Please transcribe the data exactly as shown, skipping the images.

__Data provided__
———

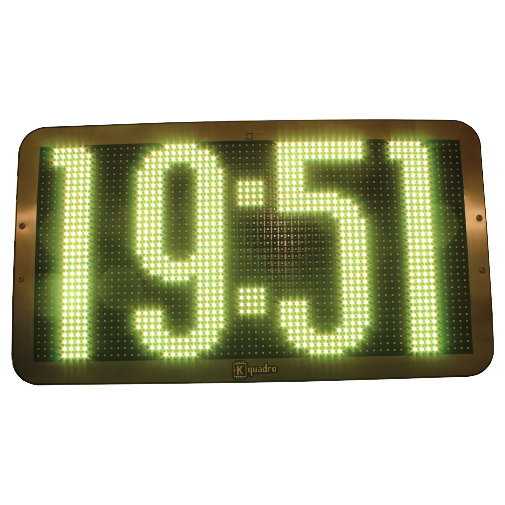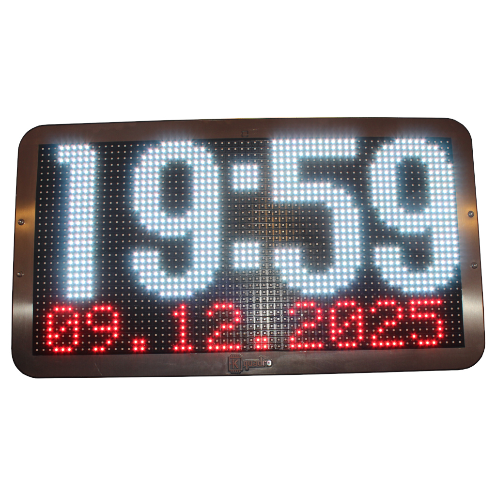 Un orologio ODT di medio formato con cifre a colori dal design moderno ed elegante. Visualizza solo orario oppure orario e data correnti.
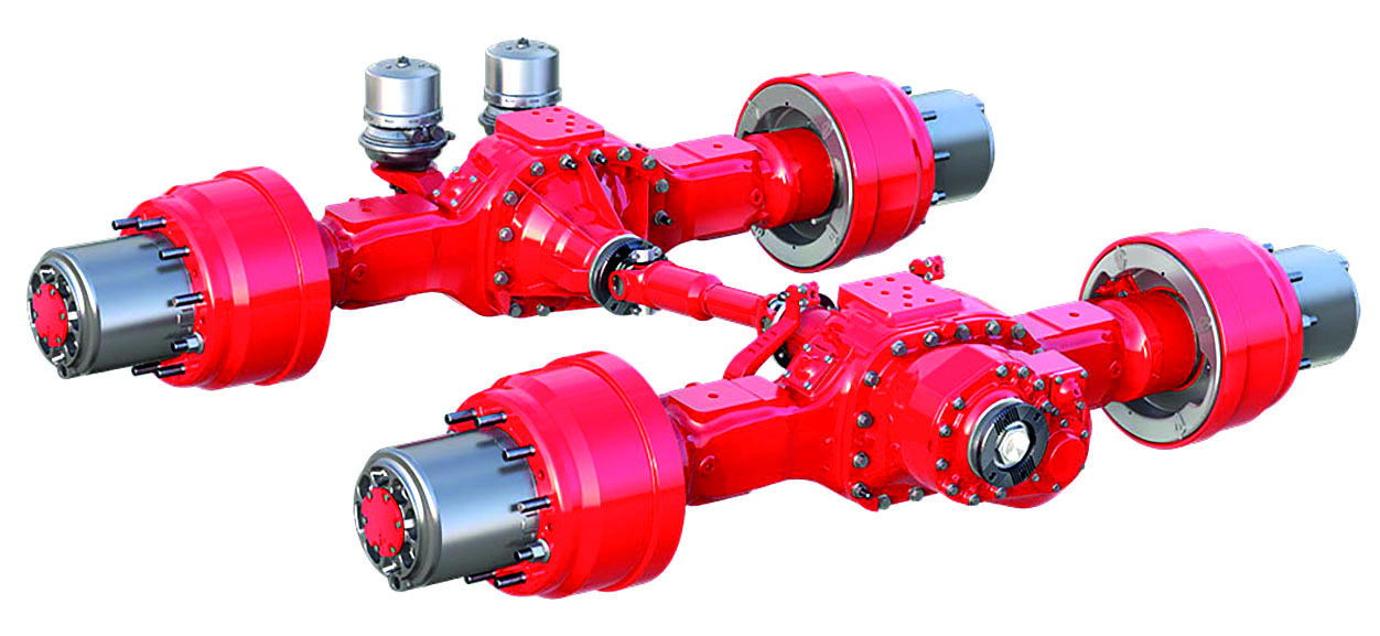 Modelo de maior capacidade da empresa, o eixo tandem MT 38-610 foi desenvolvido para aplicações severas em mineração, oferecendo capacidade vertical de 38 t por conjunto de eixo e Peso Bruto Combinado (PBC) de até 150 t. Montado em Osasco (SP), o projeto contou com colaboração da engenharia global da empresa no segmento off-highway.
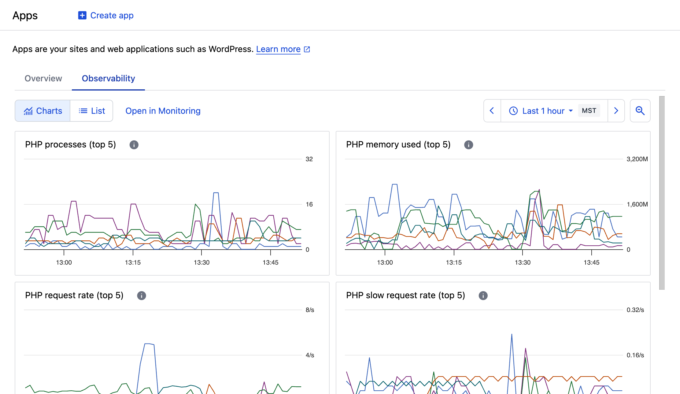 To view metrics for all apps:
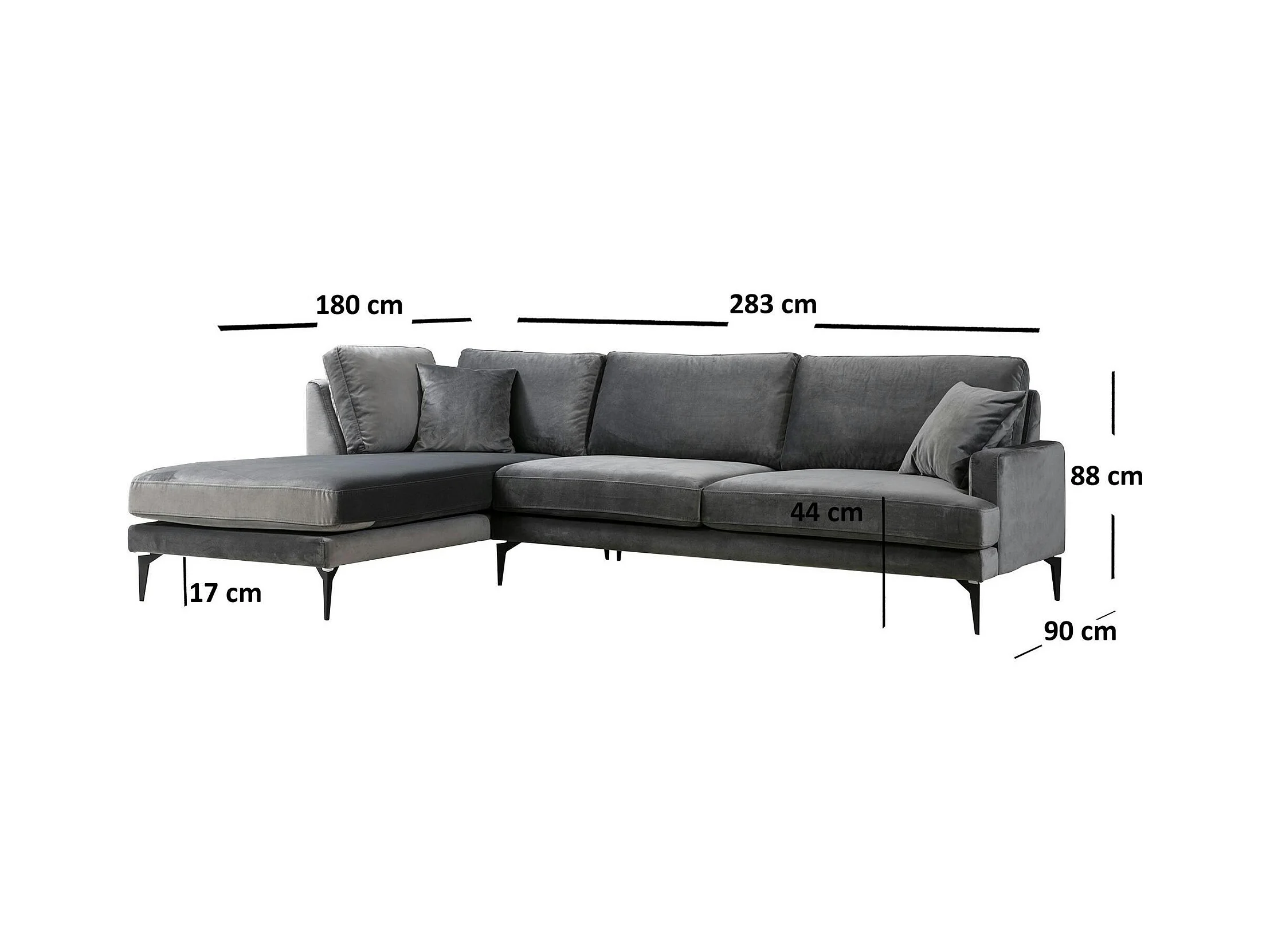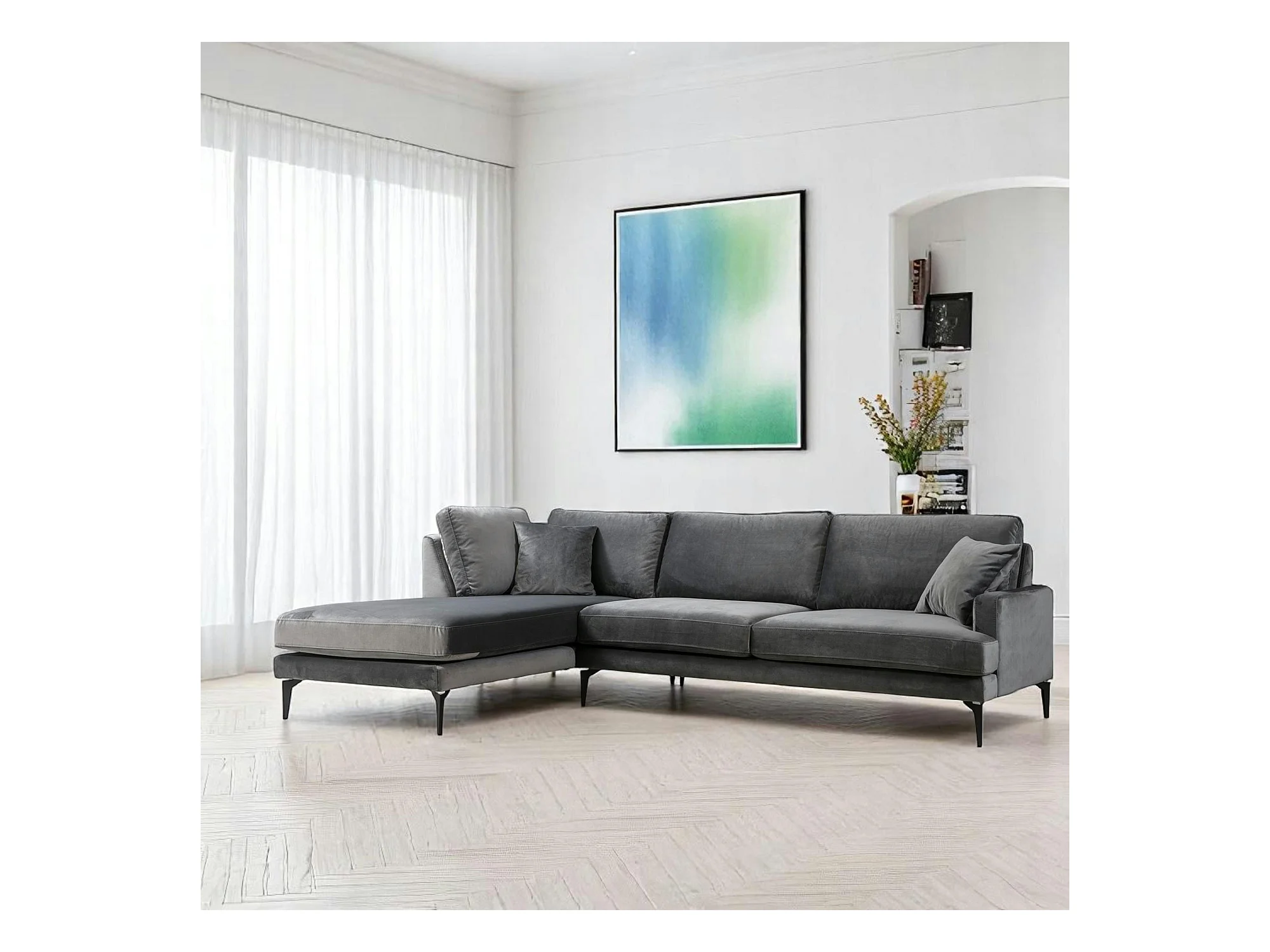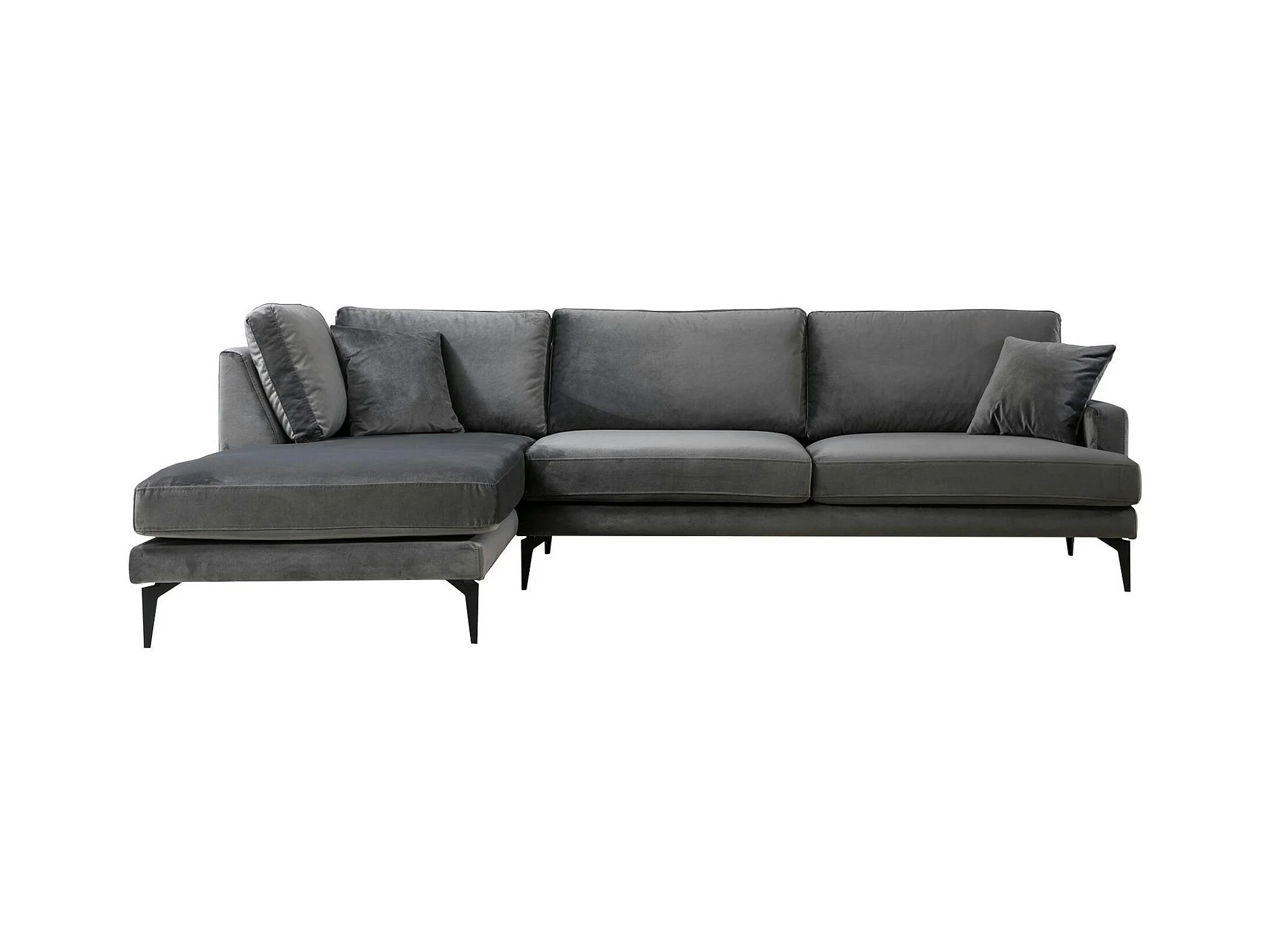 Canapé d'angle gris en velours - côté gauche SEATTLE

———

__Solution to this exercise__
 Un orologio ODT di medio formato con cifre a colori dal design moderno ed elegante. Visualizza solo orario oppure orario e data correnti.
 Modelo de maior capacidade da empresa, o eixo tandem MT 38-610 foi desenvolvido para aplicações severas em mineração, oferecendo capacidade vertical de 38 t por conjunto de eixo e Peso Bruto Combinado (PBC) de até 150 t. Montado em Osasco (SP), o projeto contou com colaboração da engenharia global da empresa no segmento off-highway.
 To view metrics for all apps:
 Canapé d'angle gris en velours - côté gauche SEATTLE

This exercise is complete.